**Data excerpts:**

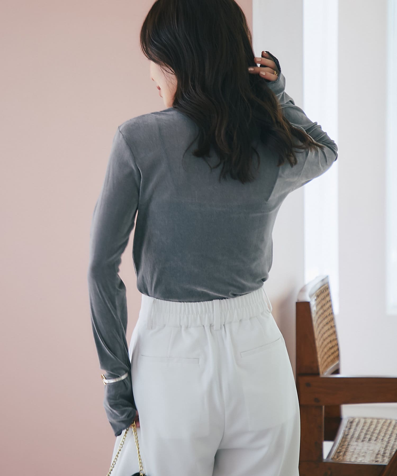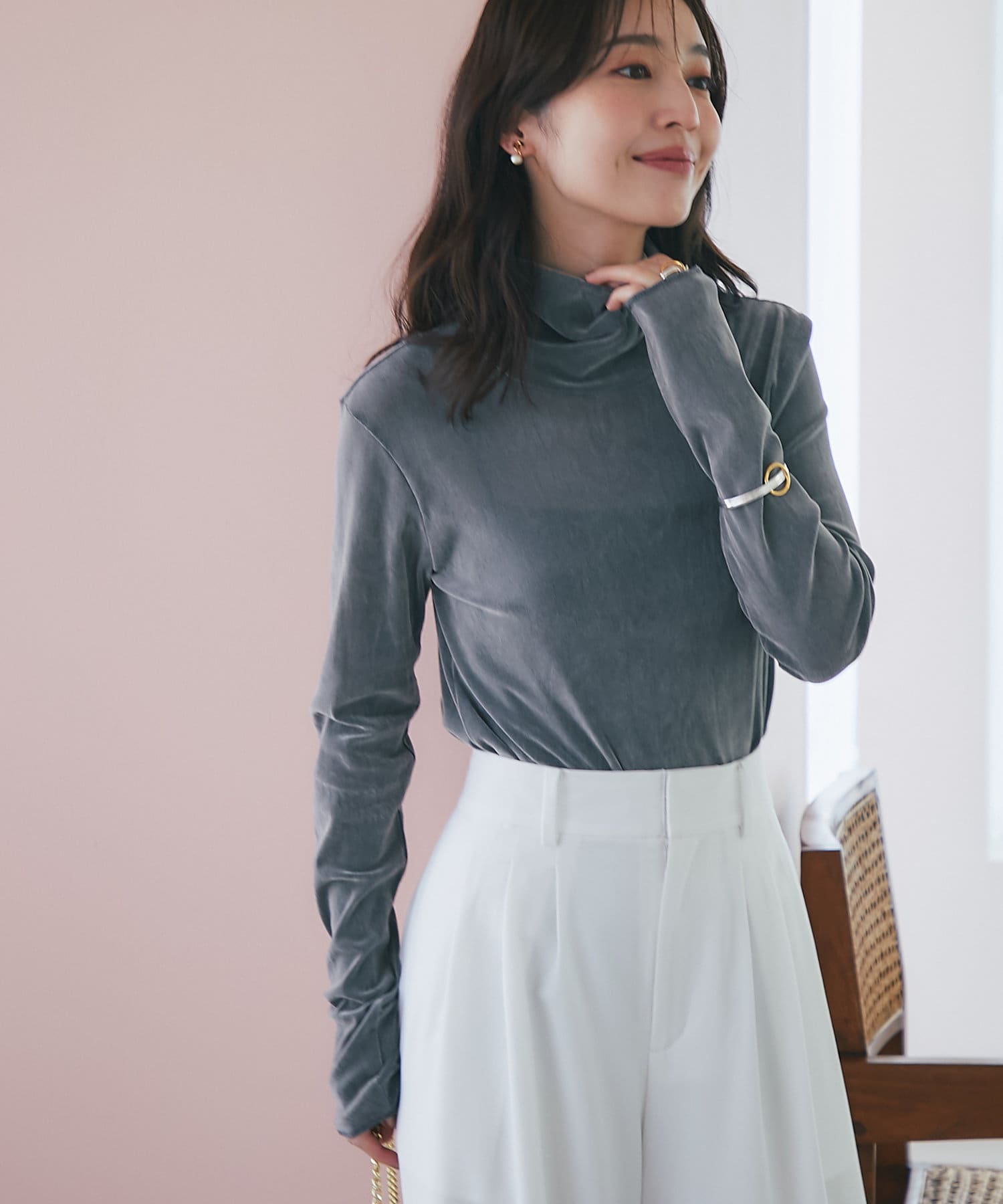1枚着でもレイヤードアイテムとしても様になるベルベットのような表面感のプルオーバー。
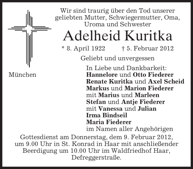 Hier finden Sie alle Traueranzeigen aus der Zeitung, die bisher für Adelheid Kuritka erschienen sind. Weitere Traueranzeigen, die in der Zeitung erscheinen, werden hier ebenfalls aufgelistet
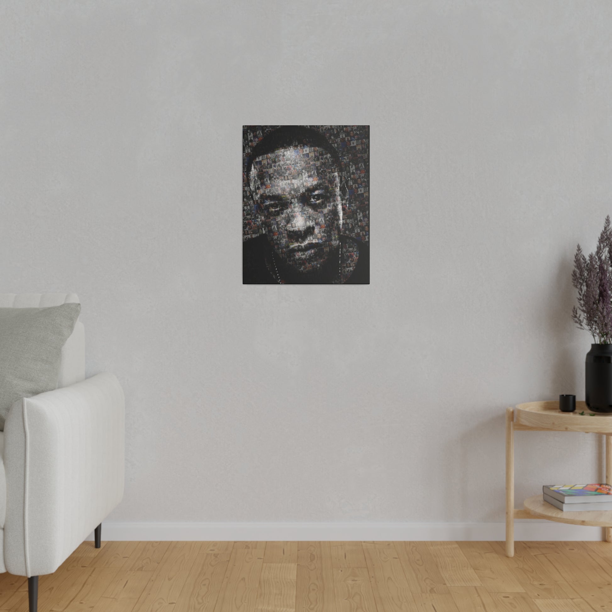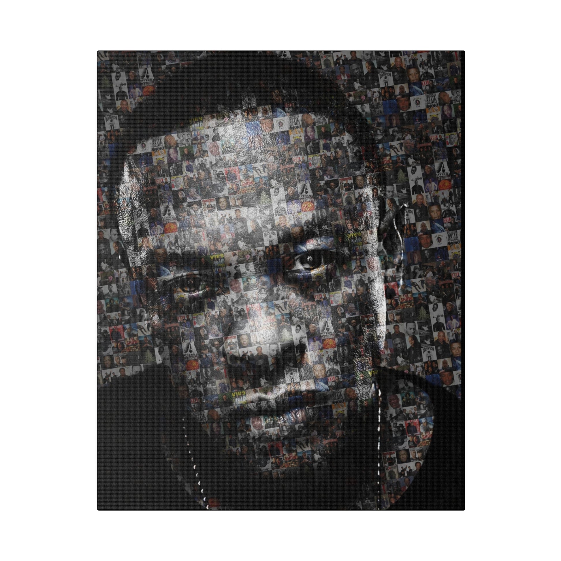 Check out this Dr. Dre original piece. Artist Robert Hansen takes some of Dre's most exciting pictures and uses them to create an amazing portrait of the rap superstar! Each matte canvas comes with back hanging already included for convenient placement. The frame is made with profile radial pine that is ethically sourced from renewable forests.
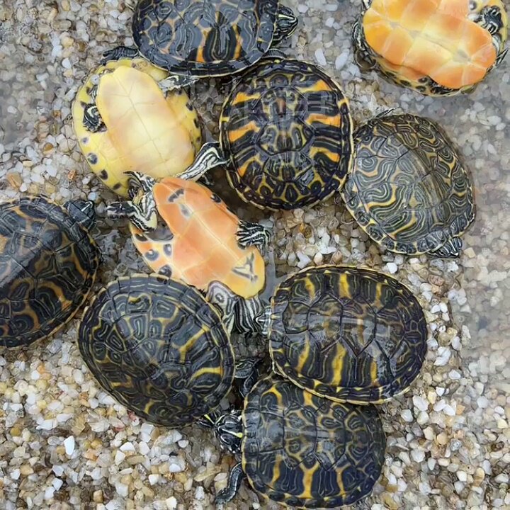 冷水纯种极品宽纹火焰龟(实为红耳龟变种,非真正“火焰龟”)是近年来观赏龟市场中的热门品种。其背甲具鲜明宽幅红黄相间条纹,腹甲鲜红或明黄,故有“红腹”“黄腹”之称。该品种适应冷水环境,抗病力强,适合家庭饲养。虽常被误称为“素食龟”或“吃粪龟”,实则幼体仍需适量动物蛋白,成体可偏向植物性饲料,如水生植物、蔬菜等,但并非完全素食,亦不食粪便。所谓“深海吃素”为营销误传。建议提供深水环境搭配晒台,保障营养均衡,方能健康生长,展现艳丽体色。
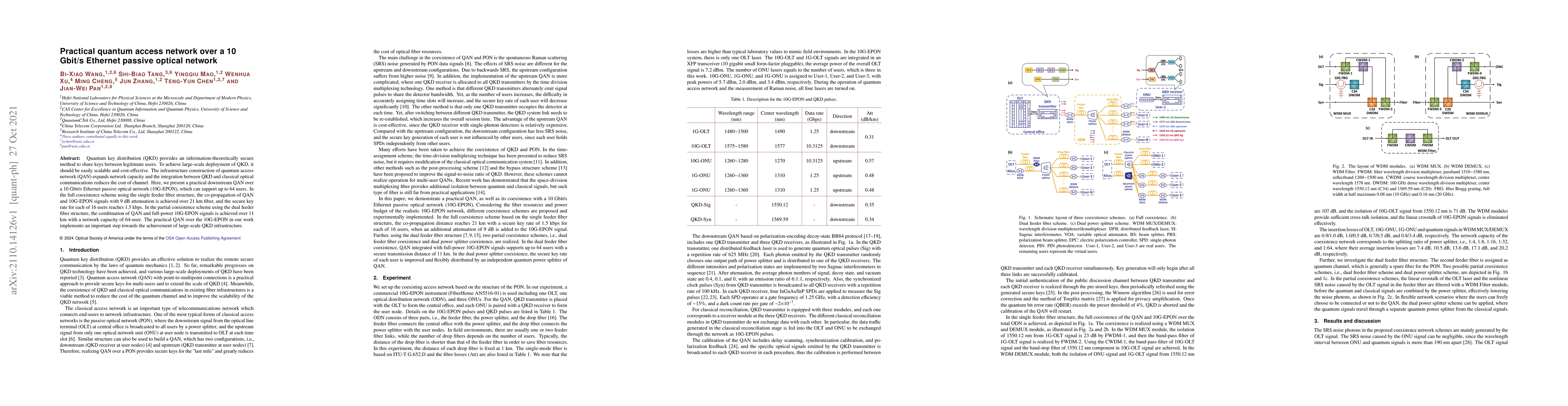This paper presents a practical quantum access network (QAN) integrated with a 10 Gbit/s Ethernet passive optical network (10G-EPON) to support up to 64 users, enabling scalable and cost-effective quantum key distribution (QKD) over long distances. The study demonstrates secure key rates of 1.5 kbps for 16 users in a single feeder fiber structure over 21 km.
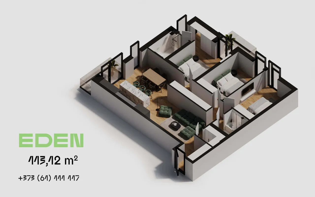 EDEN Buiucani este un complex rezidențial creat pentru oamenii care aleg calitatea vieții. Arhitectura modernă, compartimentările bine gândite ale apartamentelor, curtea amenajată și infrastructura confortabilă creează un spațiu armonios pentru locuire într-unul dintre cele mai apreciate sectoare ale orașului.
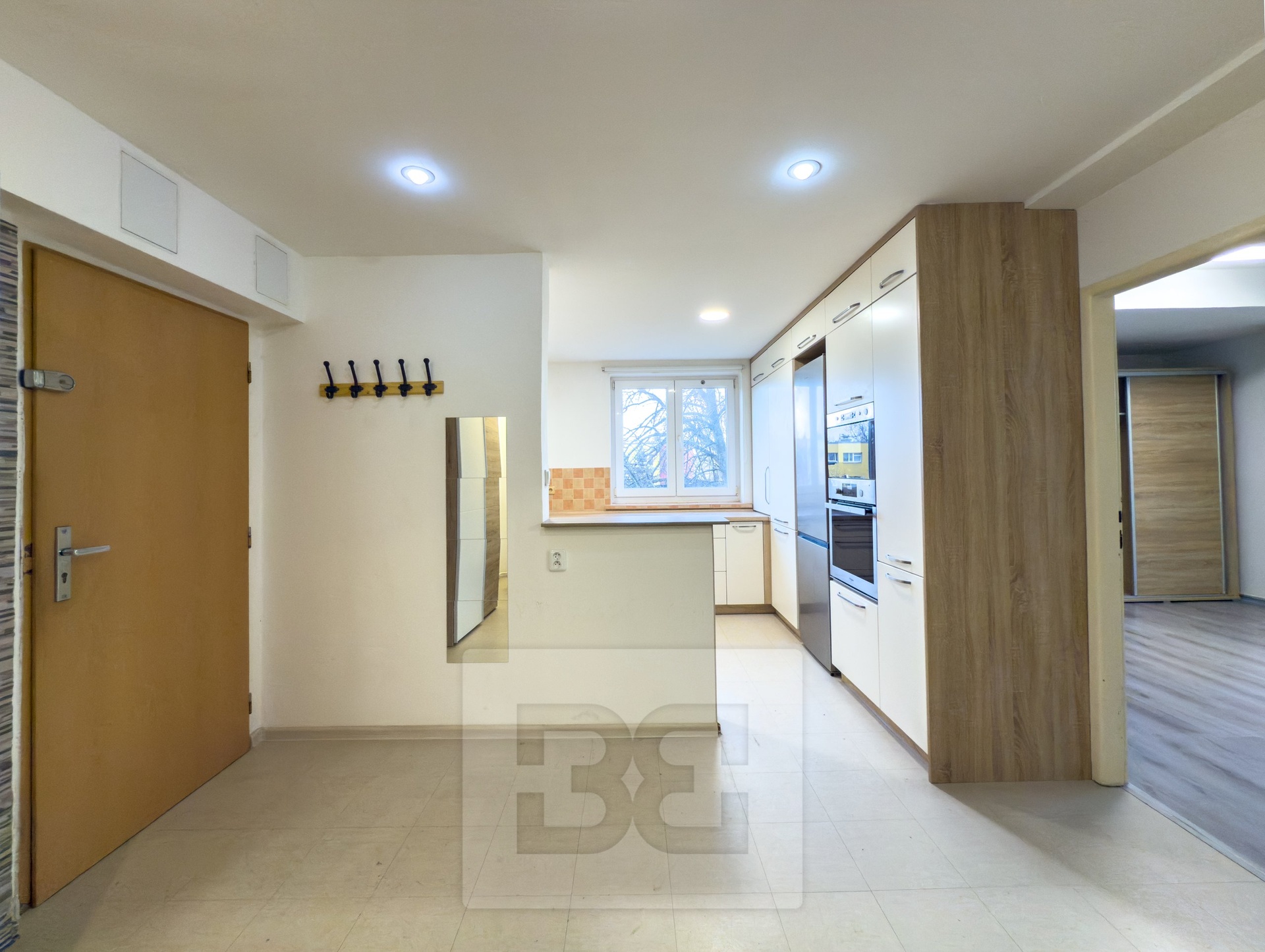 Byt je vybaven moderní prostornou kuchyňskou linkou se spotřebiči (lednice s mrazákem, indukční deska, trouba, digestoř, myčka). Dále v předsíni najdeme šatní skříň. V ložnici se nachází další skříň. Druhý pokoj je nevybavený. Koupelna je vybavena sprchovým koutem, toaletou a pračkou.
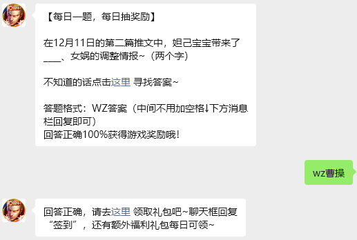 今日问题:在12月11日的第二篇推文中,妲己宝宝带来了____、女娲的调整情报~(两个字)
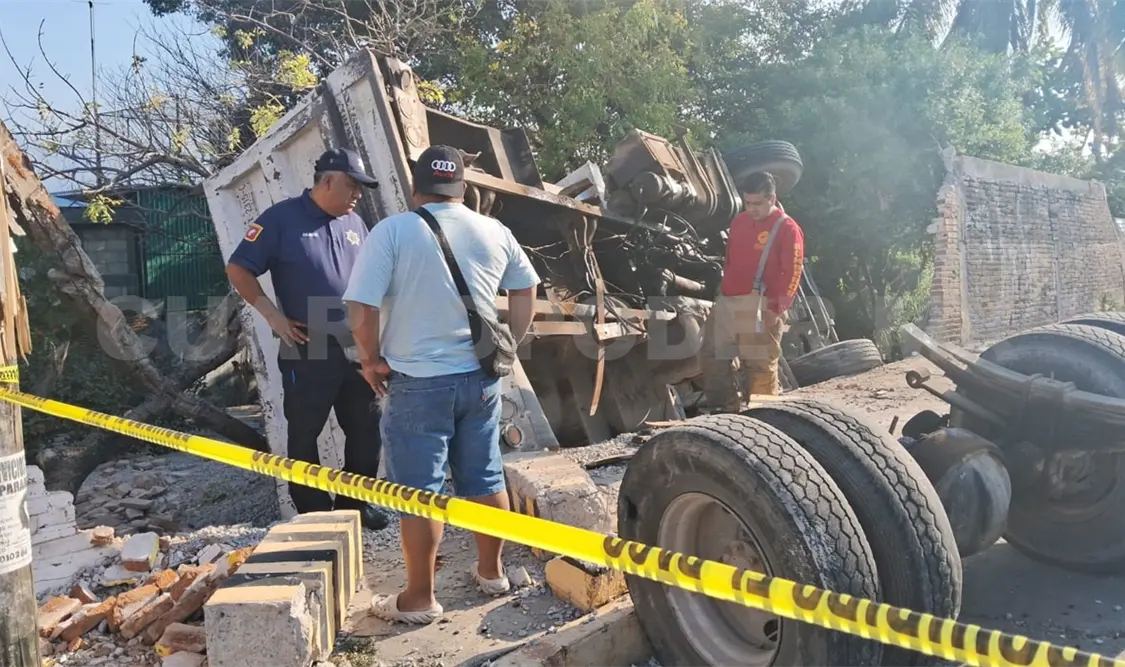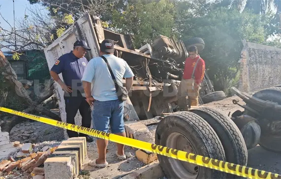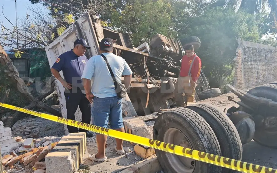 Una presunta falla mecánica originó que un volteo acabara estrellándose contra la barda de una casa en la colonia Santa María La Ribera, ubicada al sur oriente de la capital Tuxtla Gutiérrez, durante la mañana del martes.
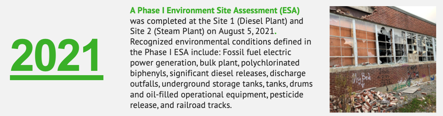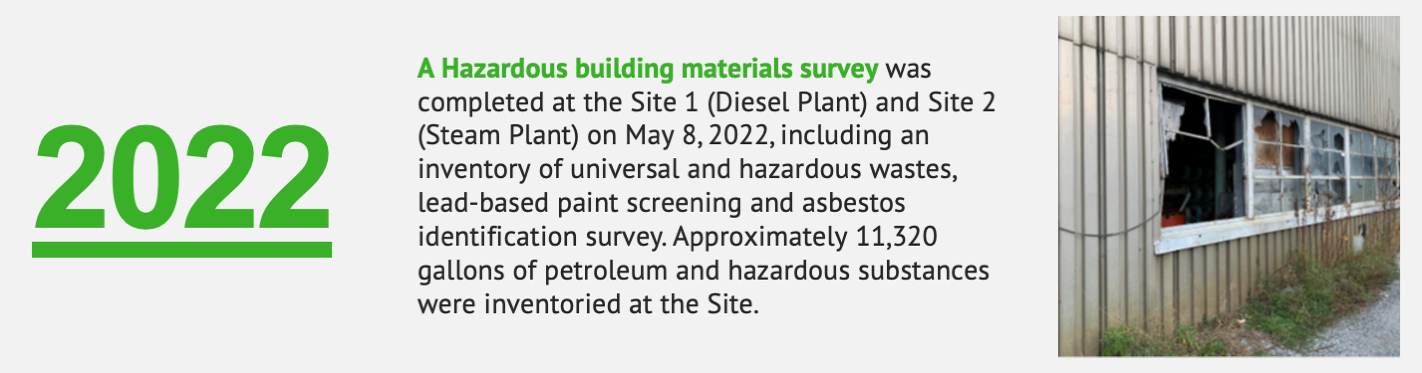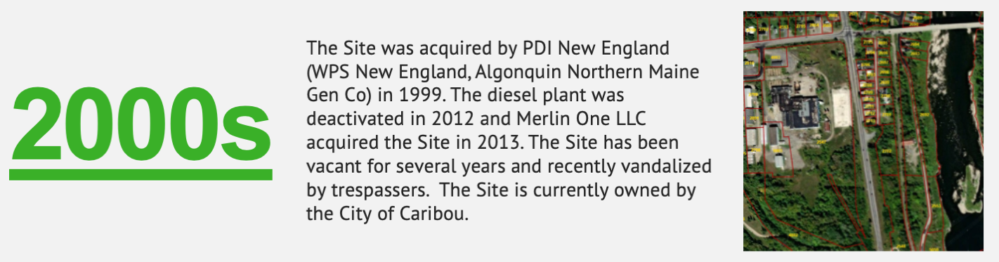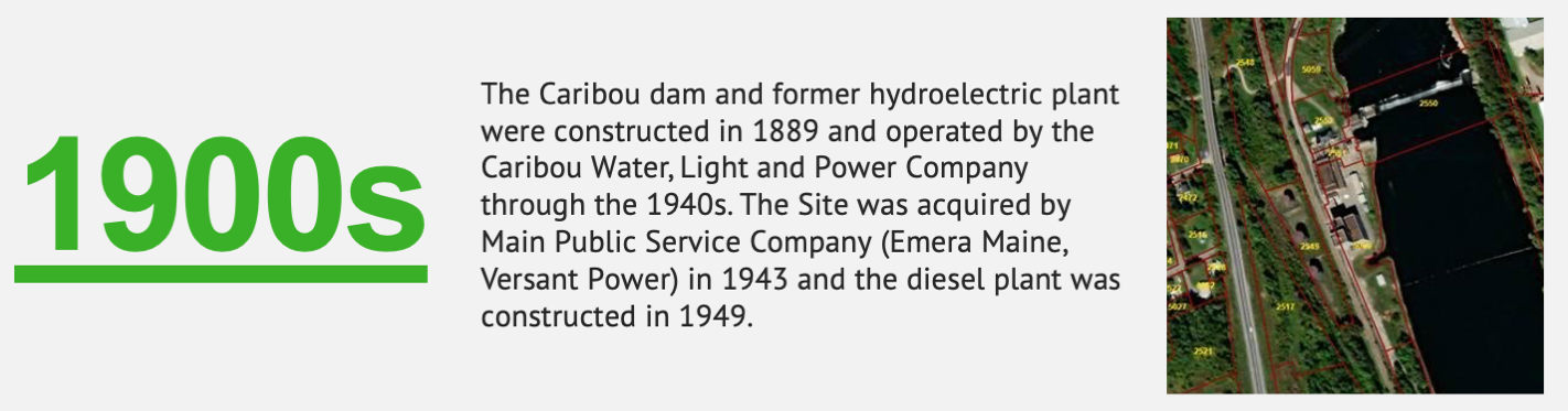 Across the land of 8 acres, the Caribou dam and former hydroelectric plant were constructed in 1889 and operated by the Caribou Water, Light and Power Company through the 1940s. The Site was acquired by Maine Public Service Company (Emera Maine, Versant Power) in 1943 and the existing Diesel plant was constructed in 1949 and deactivated in 2011. It is currently owned by the City of Caribou and the Site has been vacant for several years and the buildings are in poor repair.

**What you will do:** Your answer must be an exact copy of the lines from the start of the entries through the line with "This paper presents", with no pictures.

**Answer box:**
1枚着でもレイヤードアイテムとしても様になるベルベットのような表面感のプルオーバー。
 Hier finden Sie alle Traueranzeigen aus der Zeitung, die bisher für Adelheid Kuritka erschienen sind. Weitere Traueranzeigen, die in der Zeitung erscheinen, werden hier ebenfalls aufgelistet
 Check out this Dr. Dre original piece. Artist Robert Hansen takes some of Dre's most exciting pictures and uses them to create an amazing portrait of the rap superstar! Each matte canvas comes with back hanging already included for convenient placement. The frame is made with profile radial pine that is ethically sourced from renewable forests.
 冷水纯种极品宽纹火焰龟(实为红耳龟变种,非真正“火焰龟”)是近年来观赏龟市场中的热门品种。其背甲具鲜明宽幅红黄相间条纹,腹甲鲜红或明黄,故有“红腹”“黄腹”之称。该品种适应冷水环境,抗病力强,适合家庭饲养。虽常被误称为“素食龟”或“吃粪龟”,实则幼体仍需适量动物蛋白,成体可偏向植物性饲料,如水生植物、蔬菜等,但并非完全素食,亦不食粪便。所谓“深海吃素”为营销误传。建议提供深水环境搭配晒台,保障营养均衡,方能健康生长,展现艳丽体色。
This paper presents a practical quantum access network (QAN) integrated with a 10 Gbit/s Ethernet passive optical network (10G-EPON) to support up to 64 users, enabling scalable and cost-effective quantum key distribution (QKD) over long distances. The study demonstrates secure key rates of 1.5 kbps for 16 users in a single feeder fiber structure over 21 km.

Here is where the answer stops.